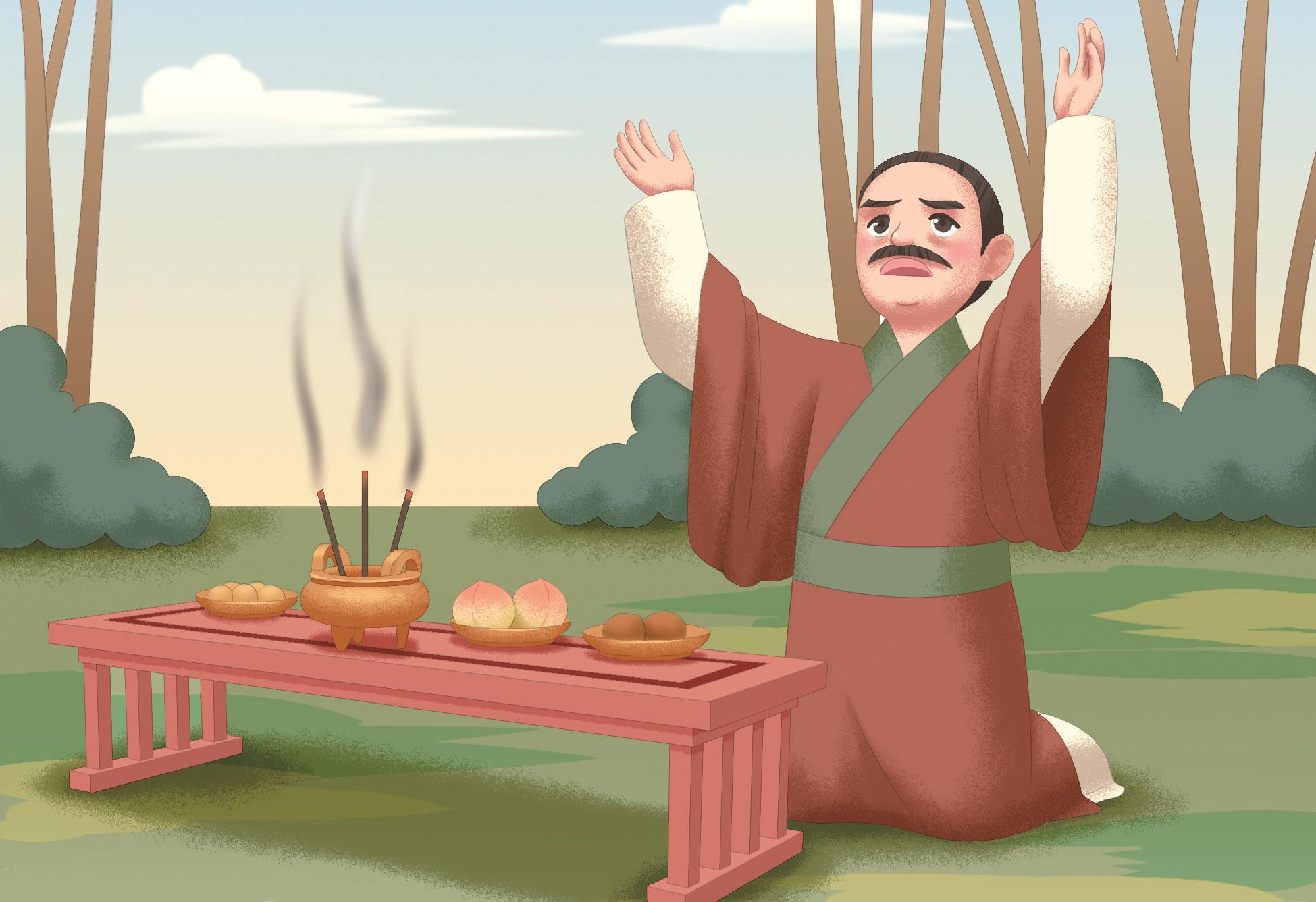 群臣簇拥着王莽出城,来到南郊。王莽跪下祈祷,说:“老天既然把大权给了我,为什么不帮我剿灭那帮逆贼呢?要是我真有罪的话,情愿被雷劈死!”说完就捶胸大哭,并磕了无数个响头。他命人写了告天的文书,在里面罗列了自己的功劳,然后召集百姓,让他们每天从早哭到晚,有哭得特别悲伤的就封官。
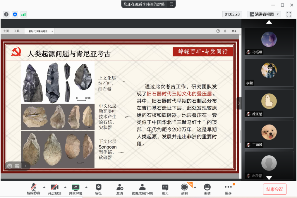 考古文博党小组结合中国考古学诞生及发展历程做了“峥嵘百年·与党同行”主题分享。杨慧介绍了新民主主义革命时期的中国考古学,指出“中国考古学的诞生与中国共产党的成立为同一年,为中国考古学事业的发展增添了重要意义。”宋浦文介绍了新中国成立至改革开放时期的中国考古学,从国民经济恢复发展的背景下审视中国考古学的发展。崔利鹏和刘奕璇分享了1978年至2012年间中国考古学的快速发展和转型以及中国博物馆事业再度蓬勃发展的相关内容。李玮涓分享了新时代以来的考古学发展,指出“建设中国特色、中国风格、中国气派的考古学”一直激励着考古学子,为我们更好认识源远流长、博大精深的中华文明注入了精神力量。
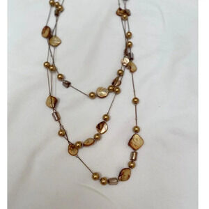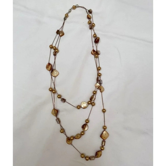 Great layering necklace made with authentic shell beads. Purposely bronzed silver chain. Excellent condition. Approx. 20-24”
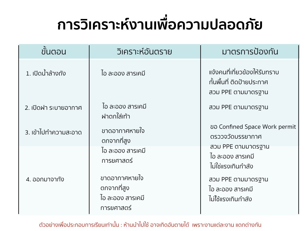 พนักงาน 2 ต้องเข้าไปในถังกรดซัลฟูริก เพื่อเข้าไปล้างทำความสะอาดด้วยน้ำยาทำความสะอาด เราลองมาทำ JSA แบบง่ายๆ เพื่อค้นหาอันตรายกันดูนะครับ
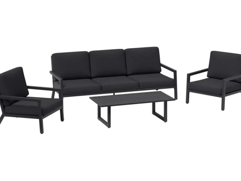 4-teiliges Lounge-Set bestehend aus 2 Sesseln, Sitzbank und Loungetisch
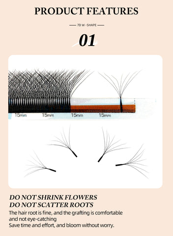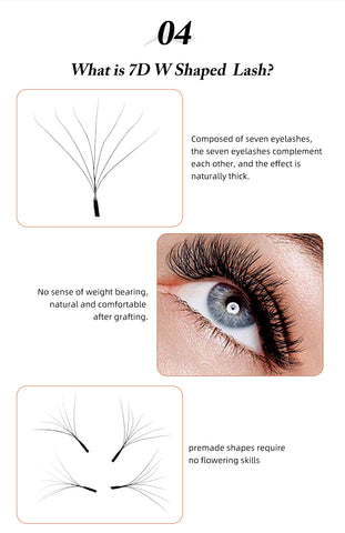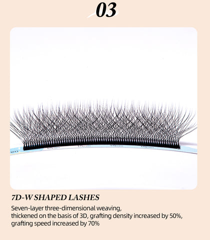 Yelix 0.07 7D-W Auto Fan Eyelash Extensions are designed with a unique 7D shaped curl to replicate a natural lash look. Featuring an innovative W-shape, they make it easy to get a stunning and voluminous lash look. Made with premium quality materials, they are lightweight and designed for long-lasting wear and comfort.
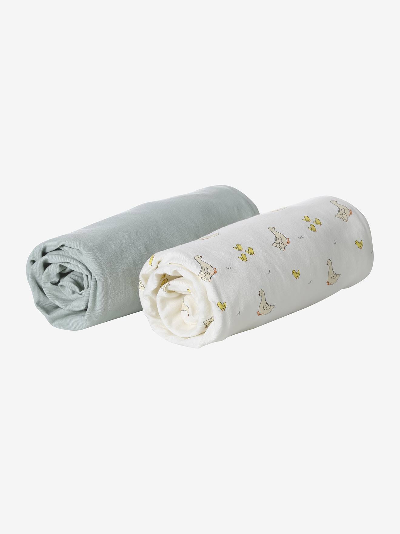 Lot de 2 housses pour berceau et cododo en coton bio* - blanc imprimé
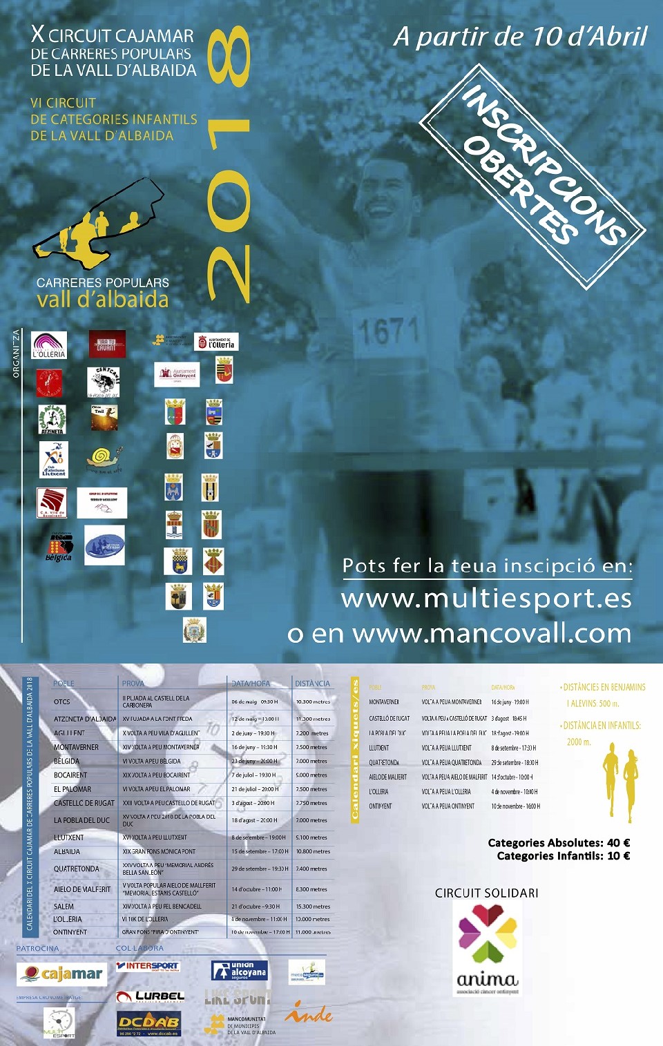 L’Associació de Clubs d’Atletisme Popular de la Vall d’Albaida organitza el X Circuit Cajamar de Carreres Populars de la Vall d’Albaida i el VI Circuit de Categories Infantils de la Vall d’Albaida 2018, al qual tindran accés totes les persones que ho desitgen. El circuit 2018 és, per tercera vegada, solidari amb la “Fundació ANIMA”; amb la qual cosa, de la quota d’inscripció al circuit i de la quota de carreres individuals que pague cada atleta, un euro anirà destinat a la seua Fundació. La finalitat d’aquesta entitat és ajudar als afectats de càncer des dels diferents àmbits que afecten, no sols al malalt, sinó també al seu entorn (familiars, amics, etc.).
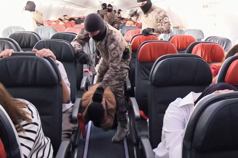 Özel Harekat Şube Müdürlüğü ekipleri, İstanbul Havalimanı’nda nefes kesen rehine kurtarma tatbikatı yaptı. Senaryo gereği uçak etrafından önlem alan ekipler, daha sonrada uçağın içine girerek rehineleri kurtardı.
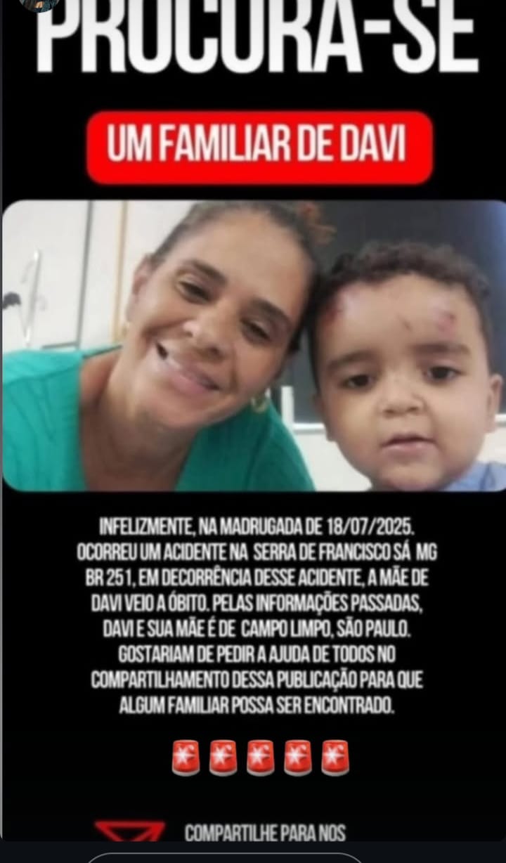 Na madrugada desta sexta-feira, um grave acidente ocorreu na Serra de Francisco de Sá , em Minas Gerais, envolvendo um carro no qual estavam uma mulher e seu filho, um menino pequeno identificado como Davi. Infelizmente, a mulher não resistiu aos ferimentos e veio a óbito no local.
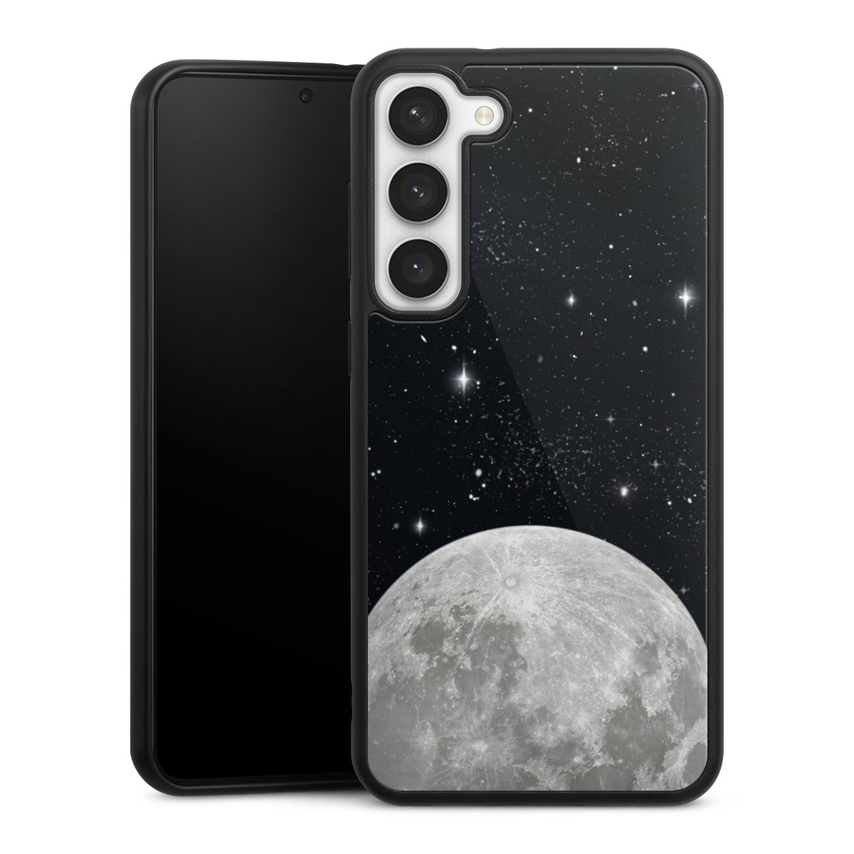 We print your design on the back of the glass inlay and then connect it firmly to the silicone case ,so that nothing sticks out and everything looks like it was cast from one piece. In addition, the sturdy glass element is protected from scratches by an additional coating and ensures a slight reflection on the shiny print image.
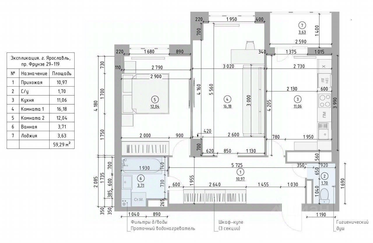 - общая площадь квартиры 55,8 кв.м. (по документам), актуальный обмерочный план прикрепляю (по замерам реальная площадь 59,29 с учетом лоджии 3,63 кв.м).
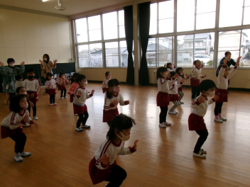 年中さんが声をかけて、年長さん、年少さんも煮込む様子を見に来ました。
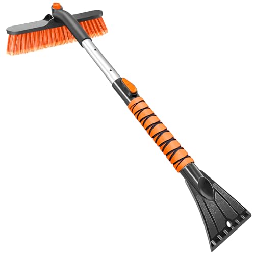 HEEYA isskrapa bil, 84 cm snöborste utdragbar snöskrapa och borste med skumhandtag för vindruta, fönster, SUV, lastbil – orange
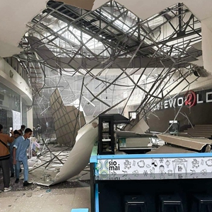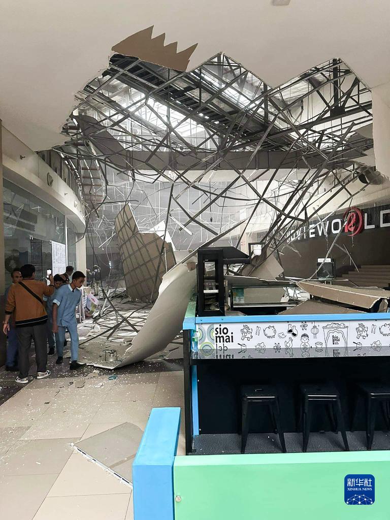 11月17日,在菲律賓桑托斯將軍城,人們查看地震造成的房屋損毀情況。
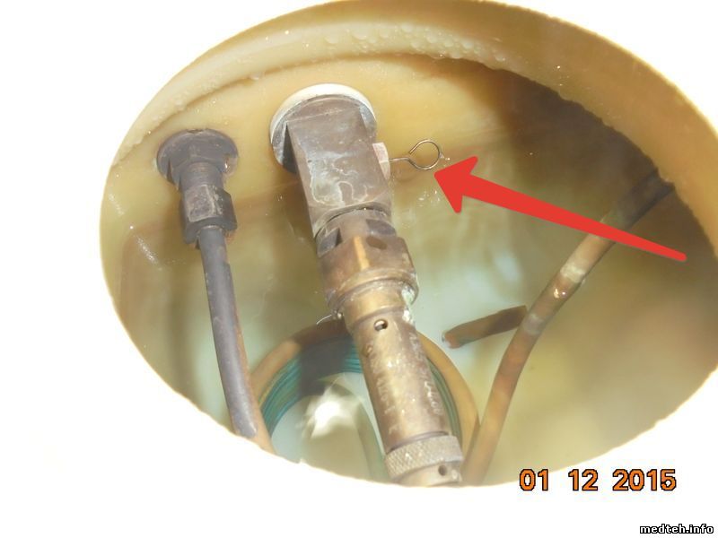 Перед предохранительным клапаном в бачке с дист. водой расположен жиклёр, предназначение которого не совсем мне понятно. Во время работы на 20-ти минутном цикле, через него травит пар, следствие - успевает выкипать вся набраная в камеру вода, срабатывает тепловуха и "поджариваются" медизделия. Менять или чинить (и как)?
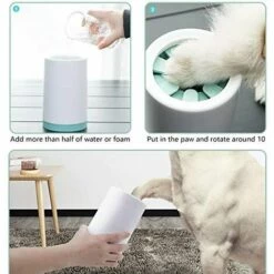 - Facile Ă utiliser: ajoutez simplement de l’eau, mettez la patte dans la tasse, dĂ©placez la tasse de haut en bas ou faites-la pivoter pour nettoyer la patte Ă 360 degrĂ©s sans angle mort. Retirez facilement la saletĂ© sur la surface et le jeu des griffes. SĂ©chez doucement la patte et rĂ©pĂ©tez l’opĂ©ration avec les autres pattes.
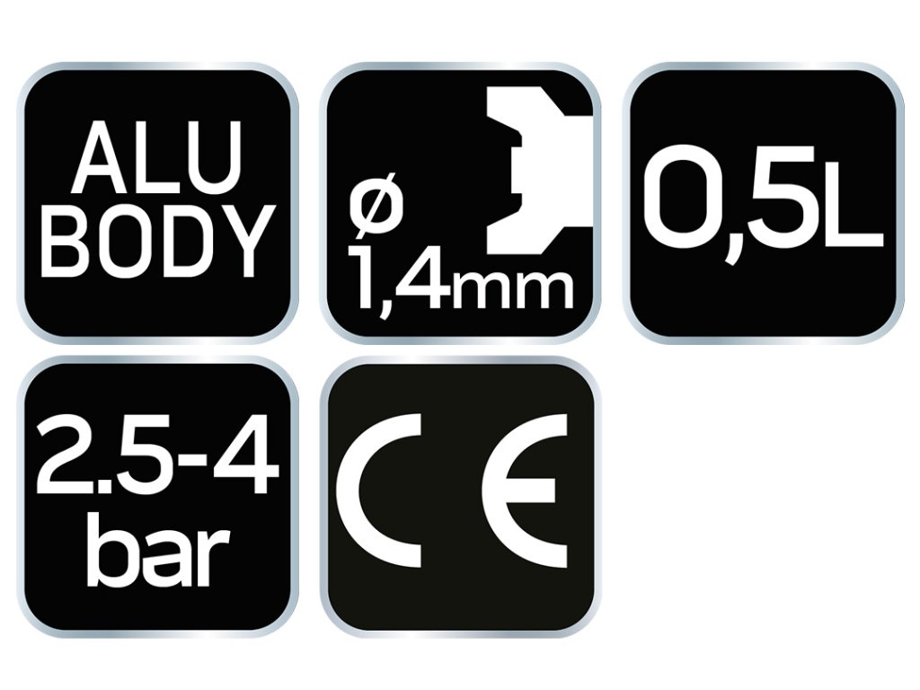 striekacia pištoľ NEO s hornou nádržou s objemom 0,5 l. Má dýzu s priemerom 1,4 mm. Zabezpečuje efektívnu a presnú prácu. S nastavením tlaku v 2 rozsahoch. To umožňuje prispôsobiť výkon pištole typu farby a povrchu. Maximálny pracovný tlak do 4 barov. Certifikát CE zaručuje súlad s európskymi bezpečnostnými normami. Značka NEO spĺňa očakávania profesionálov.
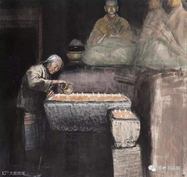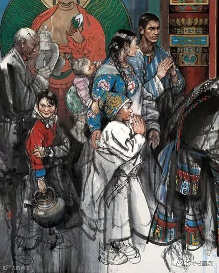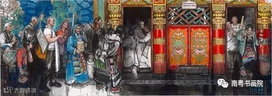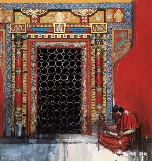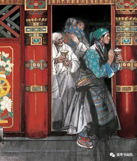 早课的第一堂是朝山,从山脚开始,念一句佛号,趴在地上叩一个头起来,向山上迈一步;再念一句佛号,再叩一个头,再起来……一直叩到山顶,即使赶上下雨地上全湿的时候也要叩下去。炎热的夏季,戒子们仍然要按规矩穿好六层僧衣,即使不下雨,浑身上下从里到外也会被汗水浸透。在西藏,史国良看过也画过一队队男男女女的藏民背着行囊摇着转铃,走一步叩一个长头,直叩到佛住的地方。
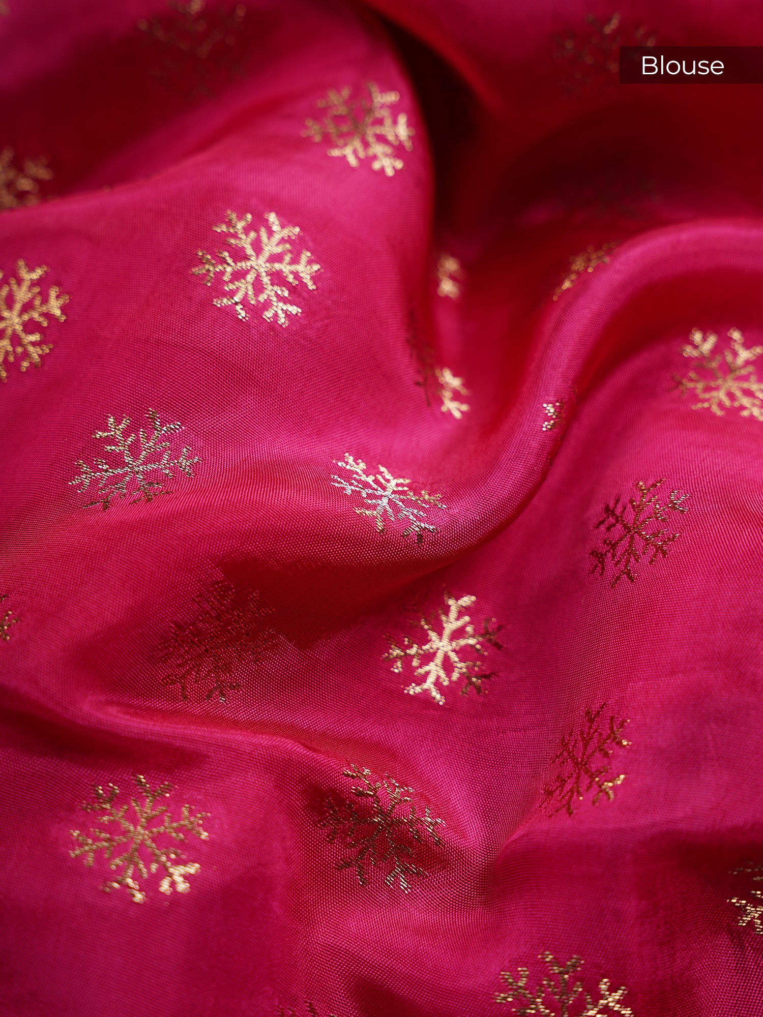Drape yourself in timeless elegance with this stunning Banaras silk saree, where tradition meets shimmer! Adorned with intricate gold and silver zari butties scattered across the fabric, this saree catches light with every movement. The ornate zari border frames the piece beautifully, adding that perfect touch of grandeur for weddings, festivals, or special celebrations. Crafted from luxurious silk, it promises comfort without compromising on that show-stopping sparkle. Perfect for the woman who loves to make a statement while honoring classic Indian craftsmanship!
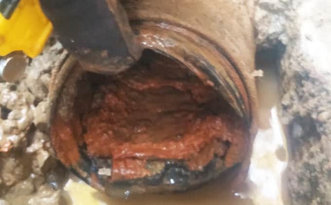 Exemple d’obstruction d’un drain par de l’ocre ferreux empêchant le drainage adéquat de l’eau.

━━━━━━━━━━━━━━━━━━━━

**What is expected**
Return all of the records above exactly as written. Omit each picture.

**Response below**
 群臣簇拥着王莽出城,来到南郊。王莽跪下祈祷,说:“老天既然把大权给了我,为什么不帮我剿灭那帮逆贼呢?要是我真有罪的话,情愿被雷劈死!”说完就捶胸大哭,并磕了无数个响头。他命人写了告天的文书,在里面罗列了自己的功劳,然后召集百姓,让他们每天从早哭到晚,有哭得特别悲伤的就封官。
 考古文博党小组结合中国考古学诞生及发展历程做了“峥嵘百年·与党同行”主题分享。杨慧介绍了新民主主义革命时期的中国考古学,指出“中国考古学的诞生与中国共产党的成立为同一年,为中国考古学事业的发展增添了重要意义。”宋浦文介绍了新中国成立至改革开放时期的中国考古学,从国民经济恢复发展的背景下审视中国考古学的发展。崔利鹏和刘奕璇分享了1978年至2012年间中国考古学的快速发展和转型以及中国博物馆事业再度蓬勃发展的相关内容。李玮涓分享了新时代以来的考古学发展,指出“建设中国特色、中国风格、中国气派的考古学”一直激励着考古学子,为我们更好认识源远流长、博大精深的中华文明注入了精神力量。
 Great layering necklace made with authentic shell beads. Purposely bronzed silver chain. Excellent condition. Approx. 20-24”
 พนักงาน 2 ต้องเข้าไปในถังกรดซัลฟูริก เพื่อเข้าไปล้างทำความสะอาดด้วยน้ำยาทำความสะอาด เราลองมาทำ JSA แบบง่ายๆ เพื่อค้นหาอันตรายกันดูนะครับ
 4-teiliges Lounge-Set bestehend aus 2 Sesseln, Sitzbank und Loungetisch
 Yelix 0.07 7D-W Auto Fan Eyelash Extensions are designed with a unique 7D shaped curl to replicate a natural lash look. Featuring an innovative W-shape, they make it easy to get a stunning and voluminous lash look. Made with premium quality materials, they are lightweight and designed for long-lasting wear and comfort.
 Lot de 2 housses pour berceau et cododo en coton bio* - blanc imprimé
 L’Associació de Clubs d’Atletisme Popular de la Vall d’Albaida organitza el X Circuit Cajamar de Carreres Populars de la Vall d’Albaida i el VI Circuit de Categories Infantils de la Vall d’Albaida 2018, al qual tindran accés totes les persones que ho desitgen. El circuit 2018 és, per tercera vegada, solidari amb la “Fundació ANIMA”; amb la qual cosa, de la quota d’inscripció al circuit i de la quota de carreres individuals que pague cada atleta, un euro anirà destinat a la seua Fundació. La finalitat d’aquesta entitat és ajudar als afectats de càncer des dels diferents àmbits que afecten, no sols al malalt, sinó també al seu entorn (familiars, amics, etc.).
 Özel Harekat Şube Müdürlüğü ekipleri, İstanbul Havalimanı’nda nefes kesen rehine kurtarma tatbikatı yaptı. Senaryo gereği uçak etrafından önlem alan ekipler, daha sonrada uçağın içine girerek rehineleri kurtardı.
 Na madrugada desta sexta-feira, um grave acidente ocorreu na Serra de Francisco de Sá , em Minas Gerais, envolvendo um carro no qual estavam uma mulher e seu filho, um menino pequeno identificado como Davi. Infelizmente, a mulher não resistiu aos ferimentos e veio a óbito no local.
 We print your design on the back of the glass inlay and then connect it firmly to the silicone case ,so that nothing sticks out and everything looks like it was cast from one piece. In addition, the sturdy glass element is protected from scratches by an additional coating and ensures a slight reflection on the shiny print image.
 - общая площадь квартиры 55,8 кв.м. (по документам), актуальный обмерочный план прикрепляю (по замерам реальная площадь 59,29 с учетом лоджии 3,63 кв.м).
 年中さんが声をかけて、年長さん、年少さんも煮込む様子を見に来ました。
 HEEYA isskrapa bil, 84 cm snöborste utdragbar snöskrapa och borste med skumhandtag för vindruta, fönster, SUV, lastbil – orange
 11月17日,在菲律賓桑托斯將軍城,人們查看地震造成的房屋損毀情況。
 Перед предохранительным клапаном в бачке с дист. водой расположен жиклёр, предназначение которого не совсем мне понятно. Во время работы на 20-ти минутном цикле, через него травит пар, следствие - успевает выкипать вся набраная в камеру вода, срабатывает тепловуха и "поджариваются" медизделия. Менять или чинить (и как)?
 - Facile Ă utiliser: ajoutez simplement de l’eau, mettez la patte dans la tasse, dĂ©placez la tasse de haut en bas ou faites-la pivoter pour nettoyer la patte Ă 360 degrĂ©s sans angle mort. Retirez facilement la saletĂ© sur la surface et le jeu des griffes. SĂ©chez doucement la patte et rĂ©pĂ©tez l’opĂ©ration avec les autres pattes.
 striekacia pištoľ NEO s hornou nádržou s objemom 0,5 l. Má dýzu s priemerom 1,4 mm. Zabezpečuje efektívnu a presnú prácu. S nastavením tlaku v 2 rozsahoch. To umožňuje prispôsobiť výkon pištole typu farby a povrchu. Maximálny pracovný tlak do 4 barov. Certifikát CE zaručuje súlad s európskymi bezpečnostnými normami. Značka NEO spĺňa očakávania profesionálov.
 早课的第一堂是朝山,从山脚开始,念一句佛号,趴在地上叩一个头起来,向山上迈一步;再念一句佛号,再叩一个头,再起来……一直叩到山顶,即使赶上下雨地上全湿的时候也要叩下去。炎热的夏季,戒子们仍然要按规矩穿好六层僧衣,即使不下雨,浑身上下从里到外也会被汗水浸透。在西藏,史国良看过也画过一队队男男女女的藏民背着行囊摇着转铃,走一步叩一个长头,直叩到佛住的地方。
Drape yourself in timeless elegance with this stunning Banaras silk saree, where tradition meets shimmer! Adorned with intricate gold and silver zari butties scattered across the fabric, this saree catches light with every movement. The ornate zari border frames the piece beautifully, adding that perfect touch of grandeur for weddings, festivals, or special celebrations. Crafted from luxurious silk, it promises comfort without compromising on that show-stopping sparkle. Perfect for the woman who loves to make a statement while honoring classic Indian craftsmanship!
 Exemple d’obstruction d’un drain par de l’ocre ferreux empêchant le drainage adéquat de l’eau.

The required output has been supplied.